## ACTION ITEM
In the records that follow, skip the pictures and print everything else exactly.

## INPUT
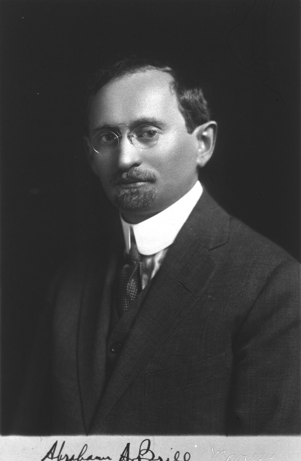 Abraham A. Brill
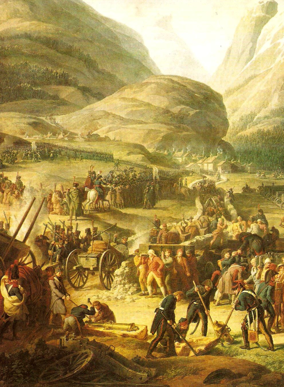 French army Crossing the Alps (1800)
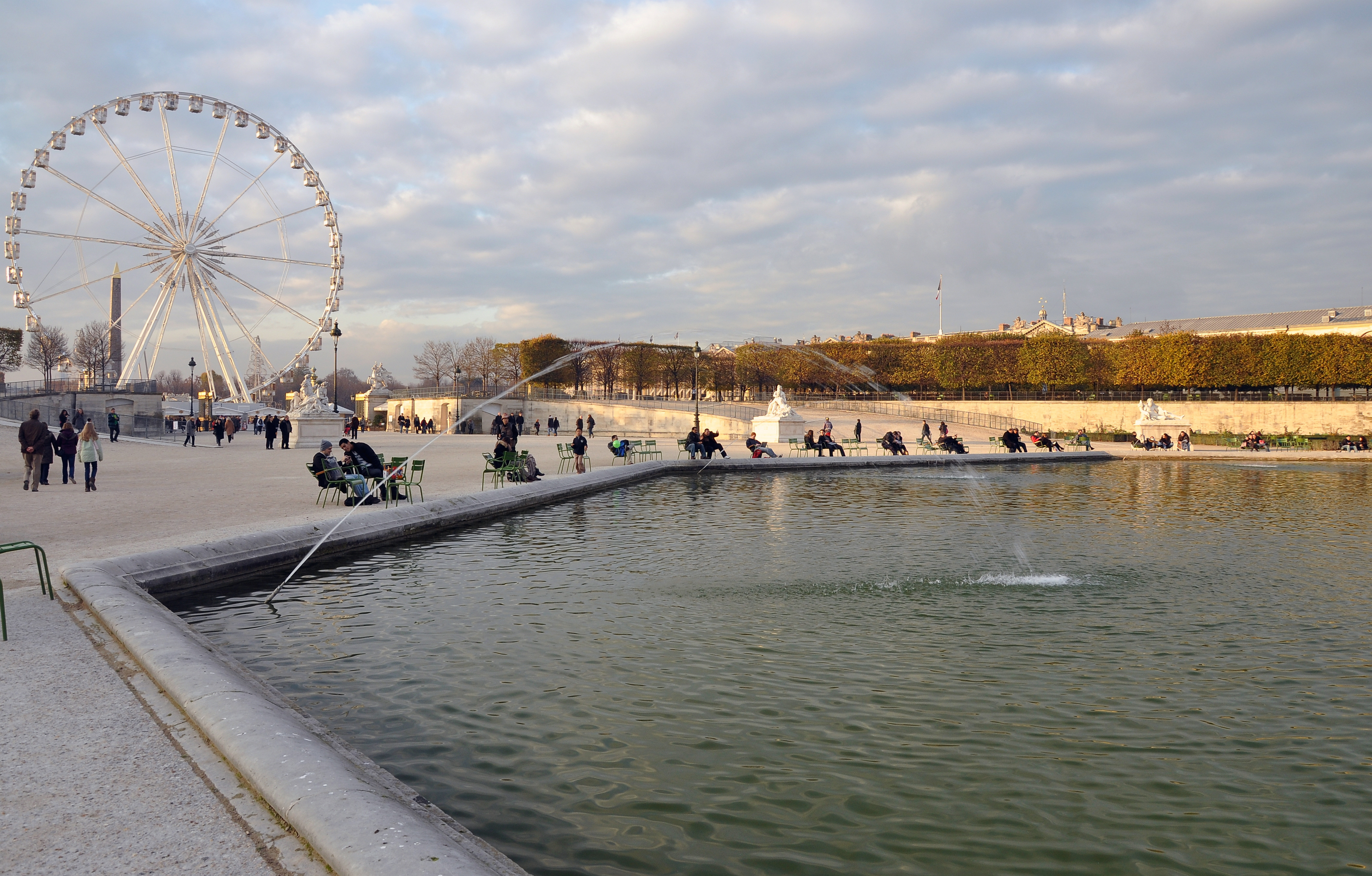 Octagonal basin in the Jardin des Tuileries at the 1st arrondissement of Paris, France.
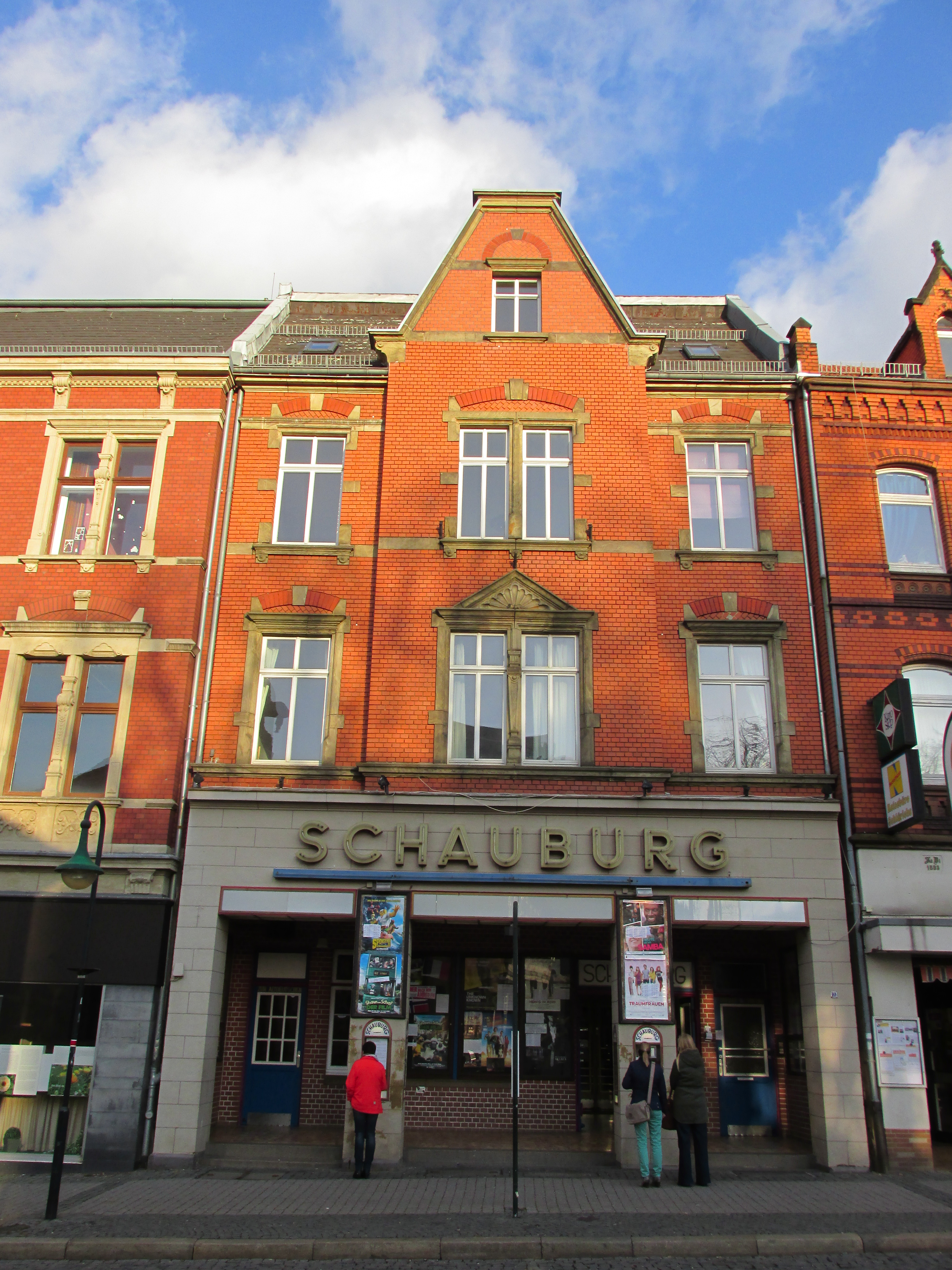 Cinema Neue Schauburg, Northeim, Germany check usage Address Markt 10 37154 Northeim Germany Date11 March 2015SourceOwn work. (→ weitere 1,982 Bilder von mir in der Galerie)AuthorStefan FlöperPermission (Reusing this file) cc-by-sa-3.0, gfdl 1.2+
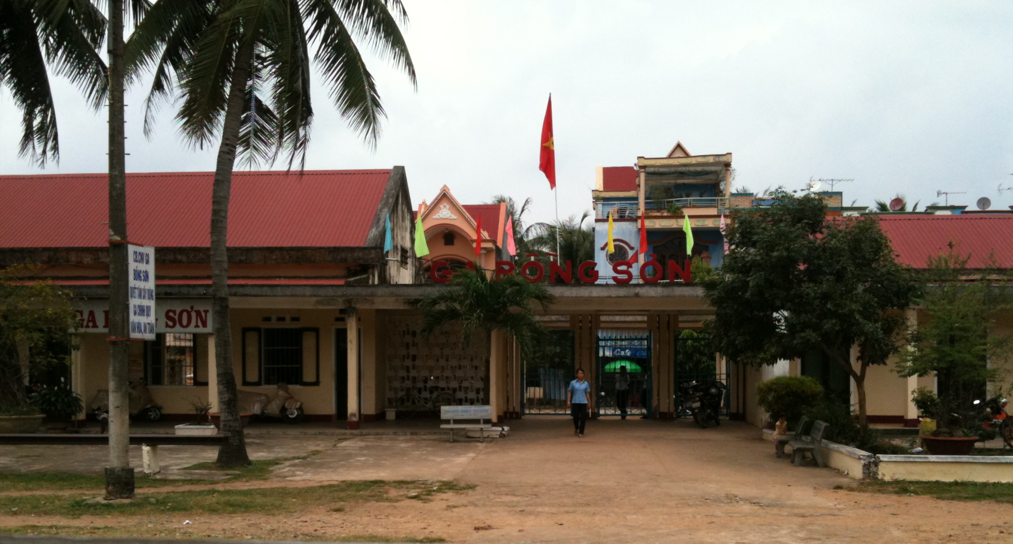 Bong Son Railway Station, a local station between Quang Ngai and Quy Nhon, Vietnam.

## OUTPUT OF THE EXERCISE
 Abraham A. Brill
 French army Crossing the Alps (1800)
 Octagonal basin in the Jardin des Tuileries at the 1st arrondissement of Paris, France.
 Cinema Neue Schauburg, Northeim, Germany check usage Address Markt 10 37154 Northeim Germany Date11 March 2015SourceOwn work. (→ weitere 1,982 Bilder von mir in der Galerie)AuthorStefan FlöperPermission (Reusing this file) cc-by-sa-3.0, gfdl 1.2+
 Bong Son Railway Station, a local station between Quang Ngai and Quy Nhon, Vietnam.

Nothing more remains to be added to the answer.